2) If you have already made the decision, briefly describe the artifact(s) you will focus on in your paper. If you haven’t made the final decision, then briefly describe the artifact(s) that have caught your eye so far. Either way, identify what makes these artifacts interesting or valuable.
3) You will have some time to refine this choice, but go ahead and identify an audience (likely Penn State related) you could write for in this piece. Who needs to understand this history? Why that audience in particular? You can include several possibilities here if you are deciding between a few options.
4) How will you reach that audience? If you wanted to make sure that your audience got to see your piece of writing, how would you get it to them? Through a certain publication or online space? In a letter? If you are including more than one option for audience in this proposal, identify how you could reach each one.
5) What argument can you make about this topic and your artifact(s)? Are you persuading your audience of its importance? Making an argument about the way Penn State has changed over time? Using this piece of history to bring attention to a current issue?* Your argument will likely shift and change as you continue your research, but I would like to see that you have thought through some initial ideas.
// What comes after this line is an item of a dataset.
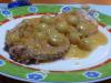 LONZA DI MAIALE ALLA TEDESCA Per 4 persone: 800 gr. di fettine di lonza di maiale, 5 mele tenere, 60 gr. di burro, 1 cipollina affettata, vino bianco, poco brodo di dado di carne, profumo di chiodi di garofano, salsa worcester, sale e pepe q.b.

*Remember that this work will build to a separate proposal paper–do not feel like you need to write a detailed proposal to address a current issue at this stage. Focus on carefully describing and analyzing historical artifacts and making an initial argument about those artifacts. In this piece, you might indicate that your historical work shines light on a current problem in a particular way and helps us to look at the issue from a different perspective, but you do not yet need to propose a plan for solving that problem–save that for the later paper!
Due in class on Monday, Sept. 29th. Typed and printed.